What nobody disputes is the filmmaking itself. Harari shot The Unknown with his brother Tom Harari as cinematographer — a collaboration that also produced Onoda: 10,000 Nights in the Jungle — and the visual approach is deliberately, almost defiantly undramatic. No stylized interludes. No woozy visual effects. The body-swaps just happen, in the ordinary world, with muted colors and eyes-downcast framing that asks you to accept the impossible as mundane. Andrea Poggio’s score drifts between sotto giallo and something closer to ambient grief, with The Weeknd’s “I Feel It Coming” surfacing at one point in a choice that feels stranger and more correct the longer you sit with it.

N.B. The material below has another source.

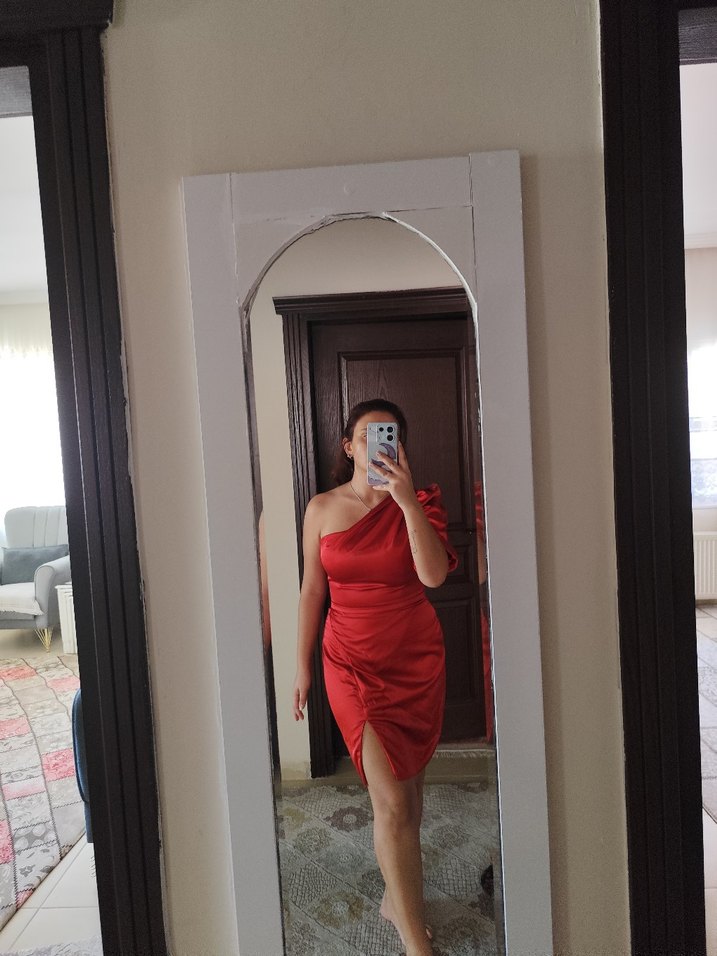 Parlak kırmızı kumaştan, drapeli ve tek omuz askılı, vücuda oturan midi abiye elbise. Romantik akşamlar için uygun. ✨ mezuniyetimde kullandım sadece

This is Harari’s third feature as director and his return to Cannes Competition — a homecoming of sorts after Anatomy of a Fall took the Palme d’Or in 2023. The Unknown is a very different animal: quieter, weirder, less interested in being liked. Neon will bring it to U.S. theaters, where it will find the audience that wants its body-swap movies to feel like an existential crisis rather than a Friday night.
As David’s photography project puts it — he wants to “show what has disappeared.” In the film’s best moments, you feel exactly what that costs.